Efficient Global Optimization Applied to Design and Knowledge Discovery of Supersonic Wing
Efficient global optimization (EGO) was applied to the multi-objective design and knowledge discovery of a supersonic transport (SST) wing. The objective functions considered here are employed to maximize the lift-to-drag ratio at supersonic cruise, to minimize the sonic boom intensity and to minimize wing structural weight, simultaneously.
The EGO process is based on Kriging surrogate models, which were constructed using several sample designs. Subsequently, the solution space could be explored through the maximization of expected improvement (EI) values that corresponded to the objective function of each Kriging model because the surrogate models provide an estimate of the uncertainty at the predicted point. Once a number of solutions have been obtained for the EI maximization problem by means of a multi-objective genetic algorithm (MOGA), the sample designs could be used to improve the models' accuracy and identify the optimum solutions at the same time. In this paper, 108 sample points are evaluated for the constructions of the Kriging models. In order to obtain further information about the design space, two knowledge discovery techniques are applied once the sampling process is completed. First, through functional analysis of variance (ANOVA), quantitative information is gathered and then, self-organizing maps (SOMs) are created to qualitatively evaluate the aircraft design. The proposed design process provides valuable information for the efficient design of an SST wing.

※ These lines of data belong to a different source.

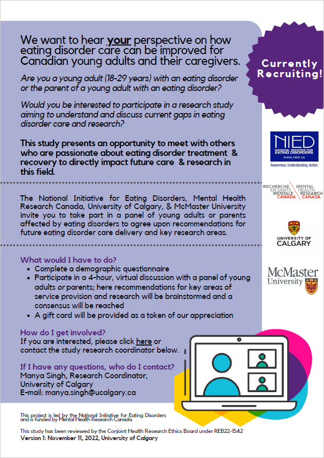Researchers from the University of Calgary, McMaster University, and Mental Health Research Canada, with the support from the National Initiative for Eating Disorders (NIED), invite you to participate in a panel of young adults or parents/caregivers affected by eating disorders to generate recommendations for future eating disorder research and care delivery!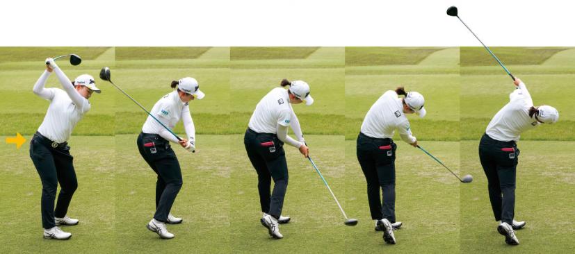 バックスイングで蓄積したパワーをダウンスイングからフォローにかけて一気に放出。体の回転に伴いクラブを下ろす。ダウンスイング以降も腕に力を入れない。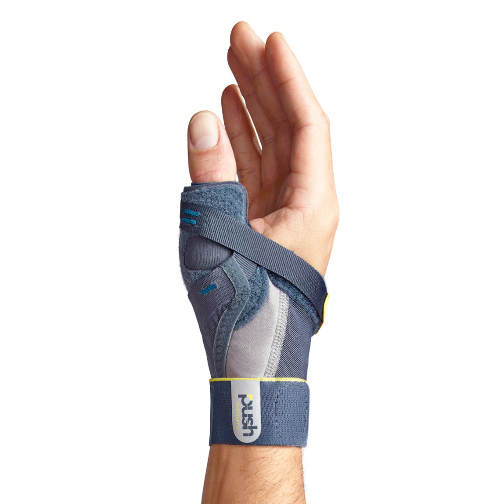 - The Push Sports Thumb Brace offers a solution when there is continuous pain in the thumb as a result of overstretching the middle thumb joint (MCP-1) due to a ball injury or fall when skiing.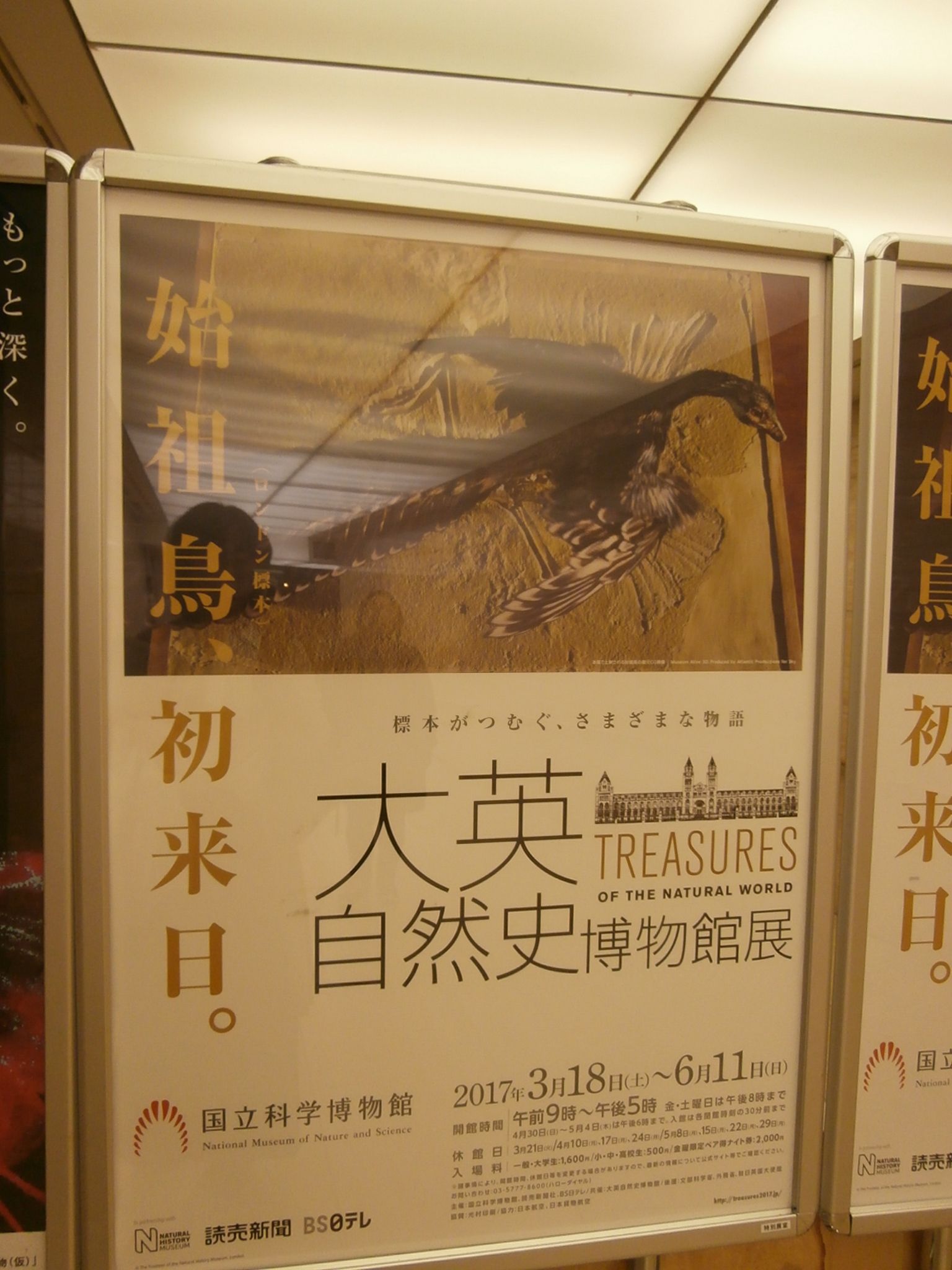 国立科学博物館で開催されている『大英自然史博物館』に行ってきました。目玉は「始祖鳥」です。始祖鳥は教科書に掲載されているので必ず見たことがあるはずだと雑誌に書いてありましたが、私には記憶がございません。その教科書に掲載されている始祖鳥が初めて大英博物館を出て東京にやってきました。私のへなちょこカメラではこれが限界。ですが、きちんと羽が生えた尾っぽがわかります。うなぎイヌのような尾っぽだなぁ。未だに飛んでいたのか、飛べなかったのか分からないそうです。CTを行った結果、視覚野がよく発達していたことがわかり多分飛んでいたのだろうと推測されています。会場に入った途端現れたキリンの首のはく製。大英博物館では10頭くらいの首が並んでいるようですよ。これは猫のミイラ。先端の丸いところが頭です。きちんと猫の耳の形に布が折ってあり顔も書いてありました。頭の所に2色で縦じまの模様が書いてあったので「トラネコ」か???わらわら群がっている三葉虫。目玉のようなサファイア。31.5カラットもあります。 ほしい~。日本に飛んできた隕石。そのうちの一つはイギリスにあります。日本にあった隕石はどこかの大名屋敷にあったようですが、火事のごたごたで紛失しています。今頃どこかで漬物石になっているかもね。鉱石 「輝安鉱」かっこいい!宇宙的。日本で採取されました。海底の熱水鉱床から生まれるそうです。一番混んでいたのはここでした。ダイヤモンド(レプリカでしたが)ひかり輝く宝石は見ごたえがあります。鉱物色々。真ん中の金色の鉱物は「金」です。ダーウィンが飼っていたというカメのはく製も来ていました。小さいカメがそうです。ダーウィンのカメで驚いていたら貴重な『種の起源』の直筆原稿も展示されていましたよ。字がきれいでした。読めませんでしたが。氷河期に絶滅してしまった「オオツノジカ」の頭骨標本。片方の角に人が乗って寝れるほどの大きさでした。氷河期以前の生物の大きさにびっくりします。どうしてこんなに体が大きかったのでしょう?氷河期にならならなければ今頃はどんな地球になっていたのでしょうね。ネアンデルタール人のゲノム。粉になっています。ネアンデルタール人は優しかったという話を聞いたことがあります。。遺骨の上に8種類の花の花弁や花粉が見つかり、埋葬時に献花したのではないかと言われています。一方で脳は大きかったが知能は低く乱暴だったのではという話もあります。いかにも骸骨というガイコツ・・・なんと600万年前の化石です。ピルトダウン人の頭骨類。偽物の人骨です。オランウータンと人間の人骨をミックスして作ったねつ造の人骨は40年間もの間本物と思われていました。顎関節など判別するために大切なことろが欠損しており実に巧妙な標本なのだそうです。反省材料として展示されています。地球上において貴重な標本をじっくり見ることが出来ました。整理券が配られ指定した時間に行けば並ばずに入館できるように配慮されていますが、昼間は大変混んでおりゆっくりと展示を見ることが出来ないようです。金・土曜日は20時まで開館しています。私は土曜日の18時に入りましたが、混雑なしでじっくり展示を見ることができました。GW中も特別に時間延長しているようです。国立科学博物館の他の展示室は貸切状態でしたよ。ナイトミュージアムみたいで楽しかったな~。

In this study, modeFRONTIER is used for the visualization of multidimensional data. modeFRONTIER creates a map in a 2D hexagonal grid, which can be colored based on the every attribute values (for the design variables, and the objective functions). Therefore, the n component planes are visualized and can be compared easily. In the trained map, each hexagonal grid has similar vector to its neither. By coloring the grids by component values of the vector, the relationship among objective functions and design variables such as a ‘trade-off’ can be observed in the picture below.
The total of 105 sample designs is evaluated and their results are used for design space analysis by proposed EGO procedure. In this process, GA is used along with Kriging surrogate models. To obtain non-dominated solutions, additional samples are selected by GA exploration based on EI values on the Kriging model. In addition, ANOVA and SOM are employed to acquire the information about the design problem. In this study, the main wing of S3TD conducted by JAXA was designed. Many additional samples become non-dominated solutions. According to this sampling result, trade-off among objective functions was observed. To investigate the detail of the design space, ANOVA and SOM are applied. According to these result, useful design knowledge can be acquired. According to ANOVA result, the inboard wing camber has a predominant influence on L/D. Additionally, SOM result suggest that larger outboard sweep back and thinner tip airfoil provide higher L/D wing, because outboard wing has supersonic leading edge. ΔP is influenced by the sweep back of the inboard wing. The design which achieves lowest Wwing has low taper ratio. Additionally, to reduce the aerodynamic force on the main wing, the reflection angle of the horizontal tail becomes positive where the horizontal tail wing also gains the lift. This knowledge could be obtained by the consideration of the trim balance constraint. Because it takes large computational cost to design the wing under such constraint, proposed design technique was highly efficient.